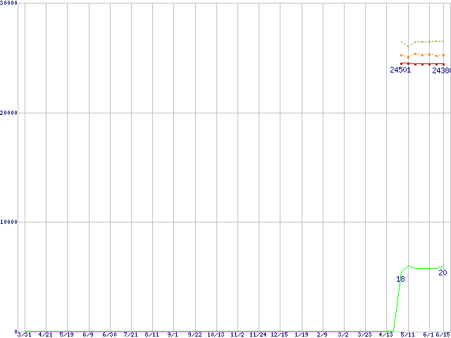 | Core 2 Duo E6420 (2.13GHz,L2 4MB)の価格推移 | | | (2006年3月31日~2007年6月15日) |
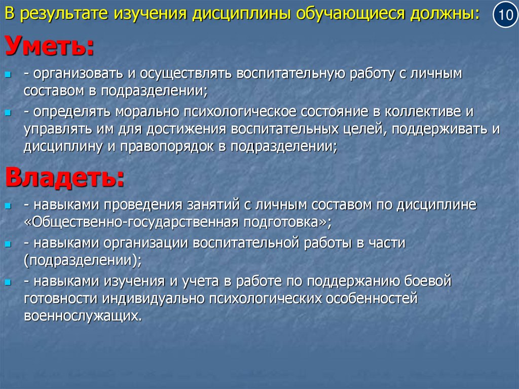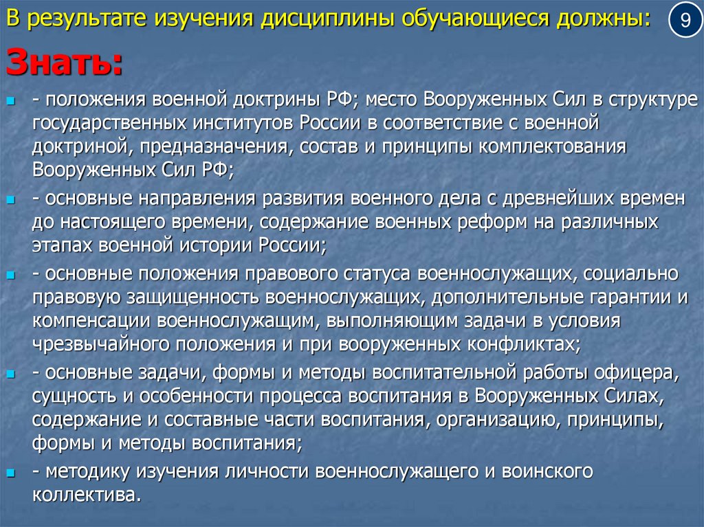 персоналом Вооружённых Сил РФ общественнополитических и военно-социальных знаний.
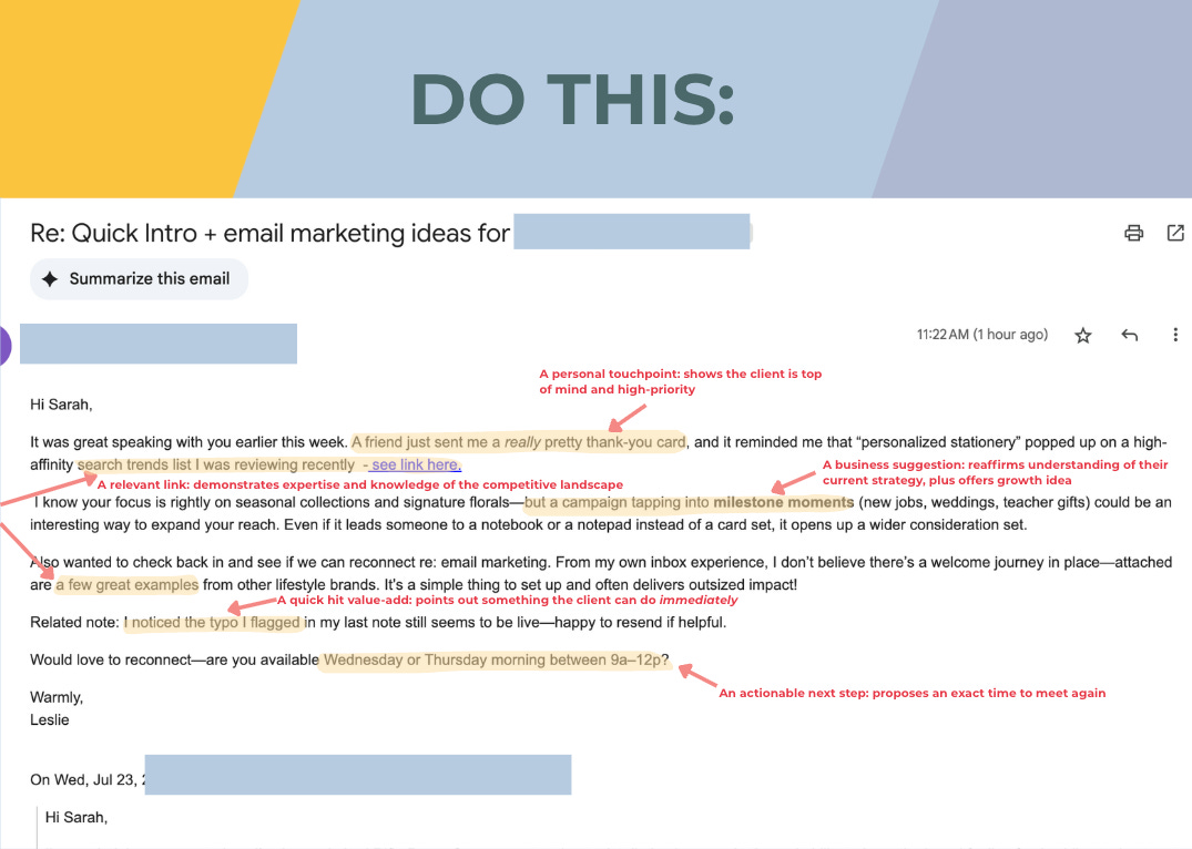 Oh this is GOOD. When I'm on the receiving end of an email like example #2, it is so anxiety-inducing because the onus is entirely on *me.* Everyone just wants you to hold their hand through any big decision, and an email that essentially says "HEY why won't you answer me?" is so off-putting and puts one more thing on my plate to figure out. Love all your ideas for real, authentic, helpful, hand-holding follow-up emails. 🤝
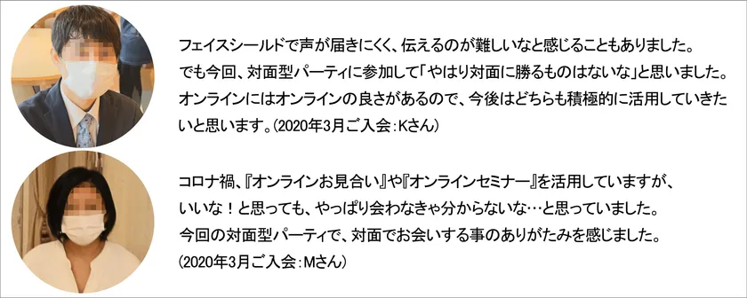 「フェイスシールド着用、会員限定パーティ」の感想をお聞かせいただきました。
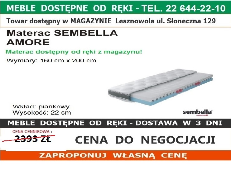 Sembella to polski producent specjalizujący się w produkcji materacy, łóżek, stelaży, poduszek i dodatków. Cechy produktu
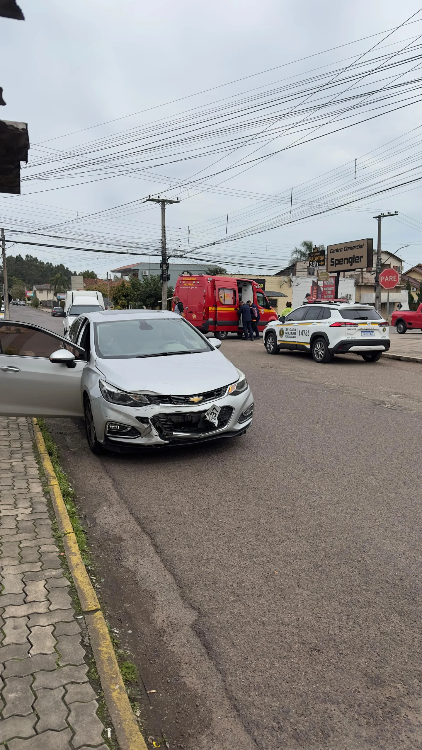 Estância Velha – Colisão entre carro e moto deixa motociclista levemente ferido na tarde desta segunda-feira (25), no cruzamento entre a Rua Portão e a Rua 13 de Maio, no bairro Lira.
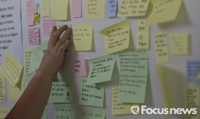 (서울=포커스뉴스) 30일 오후 서울 광진구 구의역 내에 마련된 스크린도어 사망사고 추모 장소에서 한 시민이 추모 쪽지를 붙이고 있다.
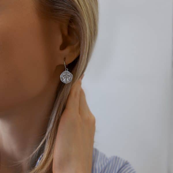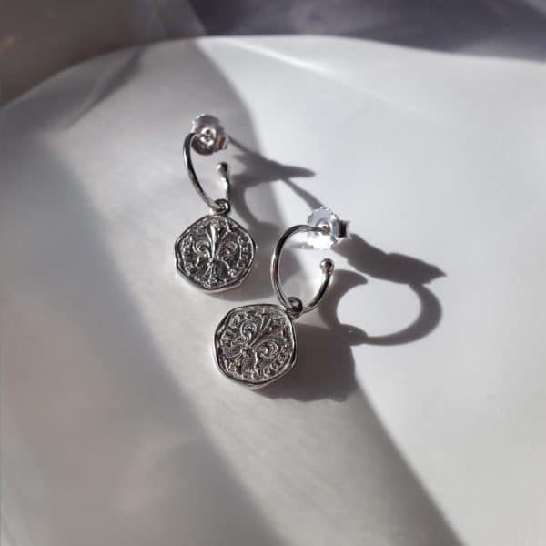 These drop earrings with a removable Florin on a half hoop perfectly combine tradition and modernity. The earrings feature a half-hoop mode of 925 sterling silver or 18Kt Gold Plated 925 sterling silver, from which two Florin pendants dangle.

### TASK DESCRIPTION
Apart from the pictures, the entries above are to be repeated in full and exactly.

### EXPECTED ANSWER
 | Core 2 Duo E6420 (2.13GHz,L2 4MB)の価格推移 | | | (2006年3月31日~2007年6月15日) |
 персоналом Вооружённых Сил РФ общественнополитических и военно-социальных знаний.
 Oh this is GOOD. When I'm on the receiving end of an email like example #2, it is so anxiety-inducing because the onus is entirely on *me.* Everyone just wants you to hold their hand through any big decision, and an email that essentially says "HEY why won't you answer me?" is so off-putting and puts one more thing on my plate to figure out. Love all your ideas for real, authentic, helpful, hand-holding follow-up emails. 🤝
 「フェイスシールド着用、会員限定パーティ」の感想をお聞かせいただきました。
 Sembella to polski producent specjalizujący się w produkcji materacy, łóżek, stelaży, poduszek i dodatków. Cechy produktu
 Estância Velha – Colisão entre carro e moto deixa motociclista levemente ferido na tarde desta segunda-feira (25), no cruzamento entre a Rua Portão e a Rua 13 de Maio, no bairro Lira.
 (서울=포커스뉴스) 30일 오후 서울 광진구 구의역 내에 마련된 스크린도어 사망사고 추모 장소에서 한 시민이 추모 쪽지를 붙이고 있다.
 These drop earrings with a removable Florin on a half hoop perfectly combine tradition and modernity. The earrings feature a half-hoop mode of 925 sterling silver or 18Kt Gold Plated 925 sterling silver, from which two Florin pendants dangle.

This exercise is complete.